Guide reel, this guide reel are used for said guard block is squeezed in said power supply drum.

4. according to each the described anodic oxidation device in the claim 1 to 3, it is characterized in that:

In said opposite electrode, be provided with a plurality of holes.

5. according to each the described anodic oxidation device in the claim 1 to 4, it is characterized in that:

Stating the distance between power supply drum and the said opposite electrode by the part of the said electrolytic solution of entering of the said ribbon of said power supply drum supporting and/or the part place of leaving said electrolytic solution of said ribbon, stating the distance between power supply drum and the said opposite electrode greater than middle body place at the said electrolytic solution of immersion of said ribbon.

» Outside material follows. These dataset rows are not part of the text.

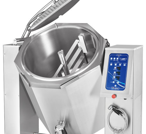 Котел оснащается простым и логичным пультом программного управления, который позволяет устанавливать все параметры готовки. КПЭМ-350-ОМ2 позволяет варить, перемешивать и охлаждать. Смеситель миксера имеет ступенчатую (10 шагов) регулировку скорости вращения от 0 до 120 оборотов в минуту, а также функцию реверса, что позволяет производить перемешивание и взбивание практически всех продуктов.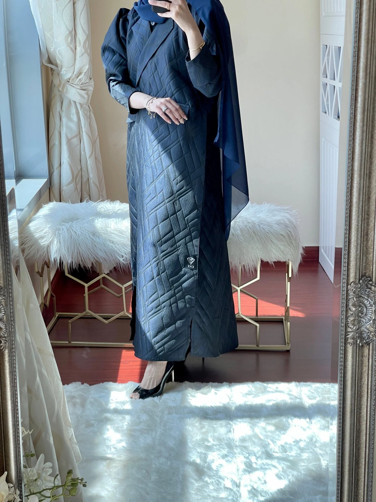 Ramadan/Eid ‘22 Collection: Blue coat style jacquard abaya with straight sleeves and puffed shoulders.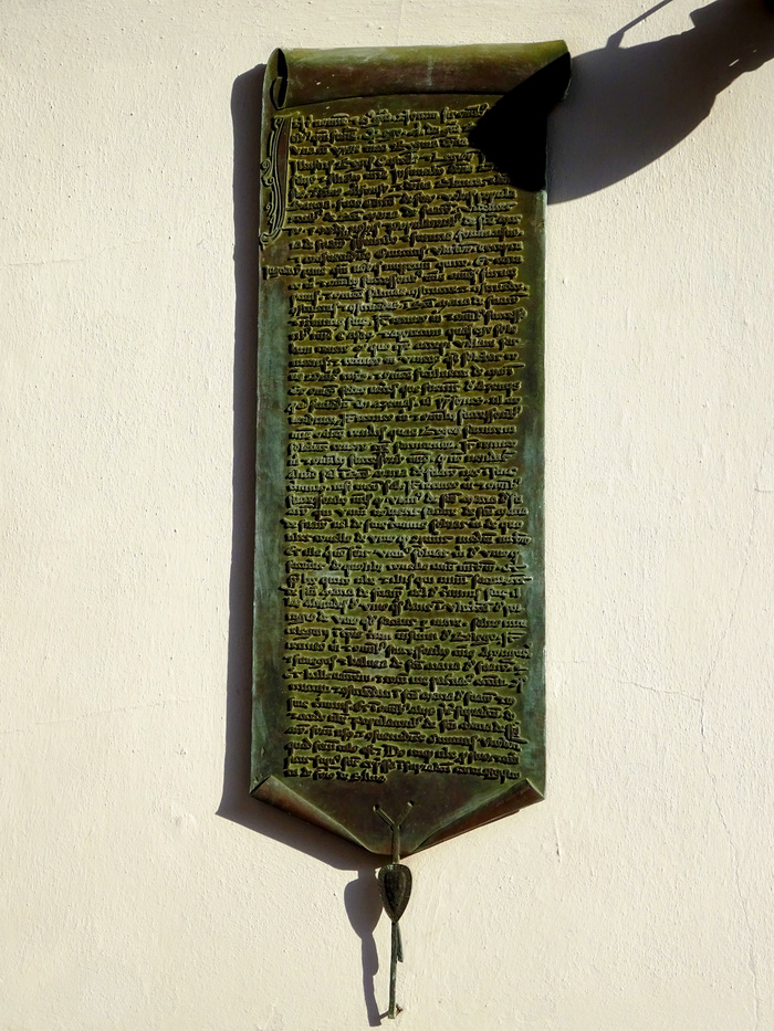 Внутри неё повешен металлический свиток, текст которого, увы, я не разобрал.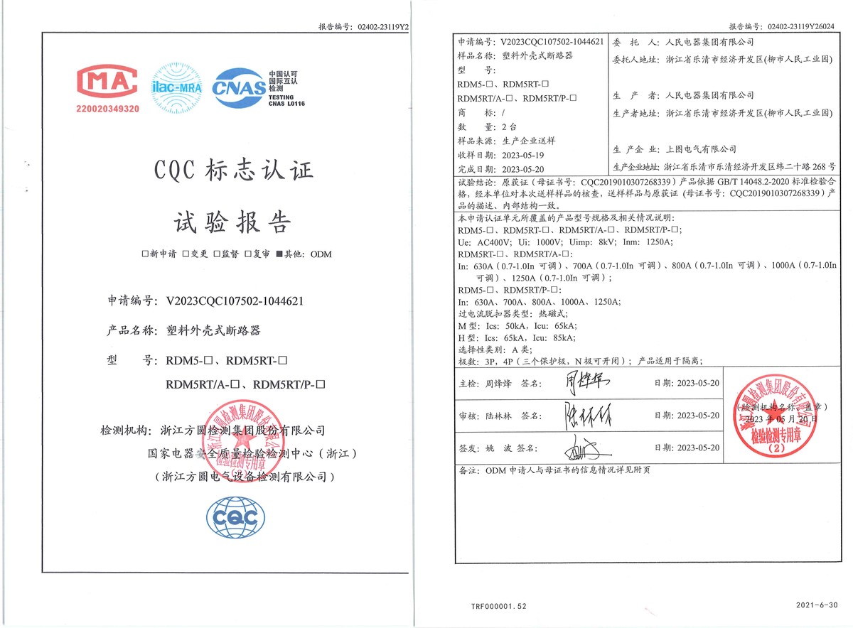 CQC試驗(yàn)報(bào)告(202305):RDM5-□,RDM5RT-□,RDM5RT/A-□,RDM5RT/P-□ 630~1250A塑料外殼式斷路器(點(diǎn)擊下載)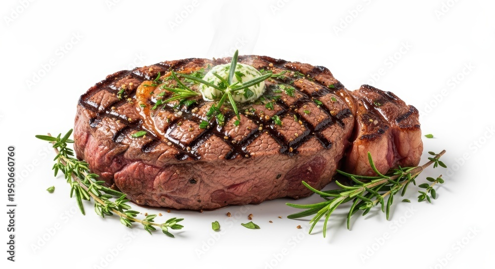 Juicy grilled ribeye steak with herb butter and fresh rosemary garnish on white background #1950660760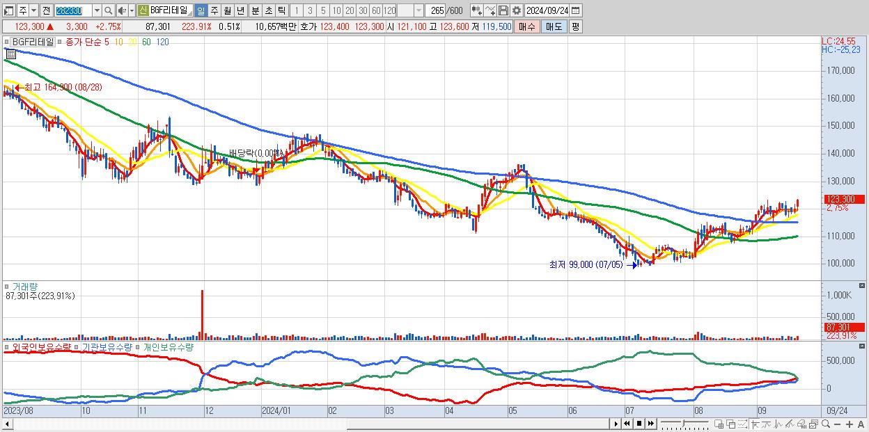 - BGF리테일 (123,300원 ▲ 2.75% , 시총: 21,311억, 외국인 순매수 거래금:51억)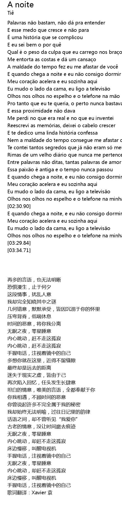 | [00:39.82] | E quando chega a noite e eu não consigo dormir |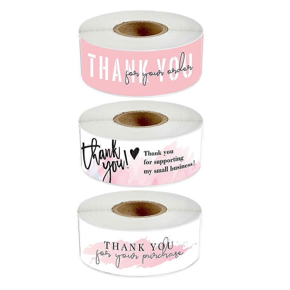 3 Rolls Thank You Sealing Stickers, Adhesive Wrap Stickers for DIY Baking, Greeting Cards, Labeling, Holiday Decorations with Delicate Patterns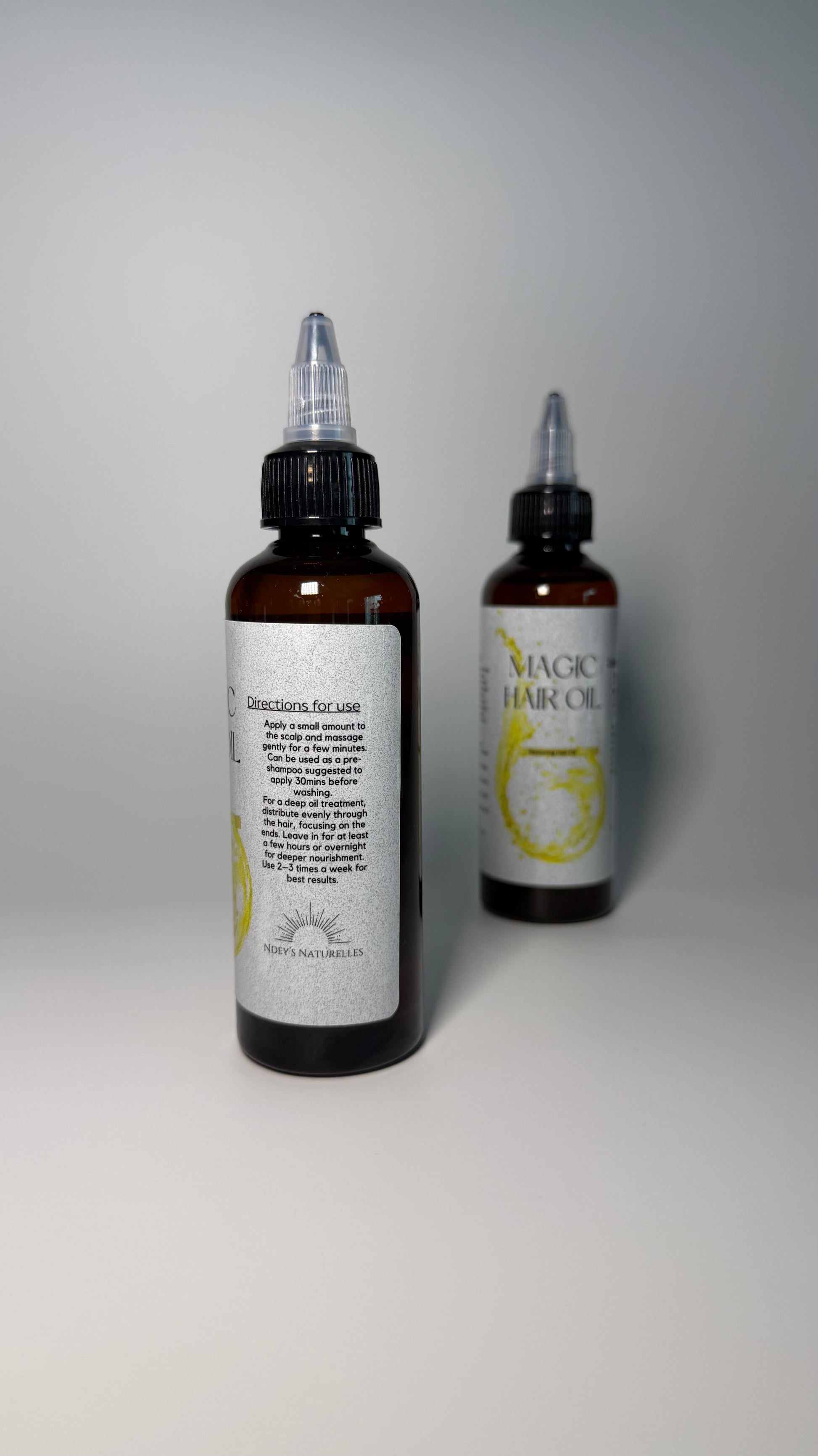 Pre-Wash Treatment: Apply a generous amount of Magic Hair Oil to dry hair and scalp. Massage gently in circular motions for even distribution. Leave on for at least 30 minutes (or overnight for deeper conditioning). Rinse and wash as usual.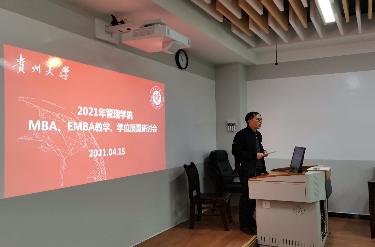 2021年4月15日上午,开云kaiyun(中国)MBA教育中心在202教室举行“2021年管理学院MBA、EMBA教学及学位质量研讨会”。贵州大学研究生院院长杜滨教授、管理学院副院长周莉莉教授、30余位MBA中心任课老师及研究生导师、MBA中心主任项凯标教授、EMBA中心主任李雨峰老师、MBA中心副主任何跃勇老师、MBA中心办公室主任邓琳老师以及中心工作人员共40余位人参加了此次研讨会。研讨会由副院长周莉莉教授主持。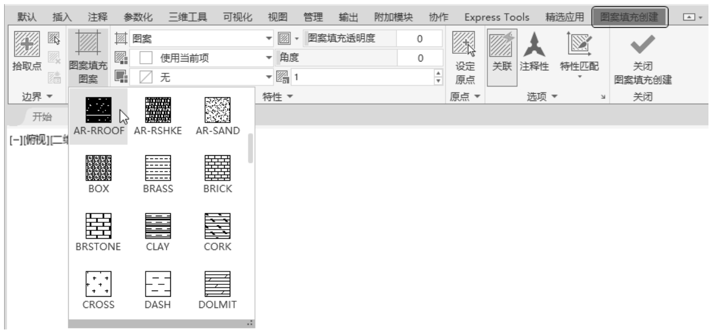 功能区:单击“默认”选项卡“绘图”面板中的“图案填充”按钮

6. according to each the described anodic oxidation device in the claim 1 to 5, it is characterized in that:

Said guard block is non-conductive rubber or the tinsel that covered by non-conductive rubber.

7. according to each the described anodic oxidation device in the claim 1 to 6, it is characterized in that:

The electro-conductive material of said power supply drum is conductive plastics or conductive rubber.

8. according to each the described anodic oxidation device in the claim 1 to 7, it is characterized in that:

The electromotive force of said opposite electrode is a negative polarity with respect to ground.

9. according to each the described anodic oxidation device in the claim 1 to 8, it is characterized in that:

The electromotive force of said ribbon is identical with earth potential, and the output of electrolysis power is insulated with respect to ground.

10. according to Claim 8 or 9 described anodic oxidation devices, it is characterized in that this anodic oxidation device also comprises:

Supervision portion, this supervision portion are used to keep watch on the voltage with respect to earth potential of said power supply drum.

11. a continuous anodic oxidation device is characterized in that, this continuous anodic oxidation device comprises:

Arranged in series a plurality of according to each the described anodic oxidation device in the claim 1 to 10.

12. a film-forming method is characterized in that:

Employing comes on the surface of ribbon, to form the anodic oxidation overlay film according to each described anodic oxidation device in the claim 1 to 10 or continuous anodic oxidation device according to claim 11.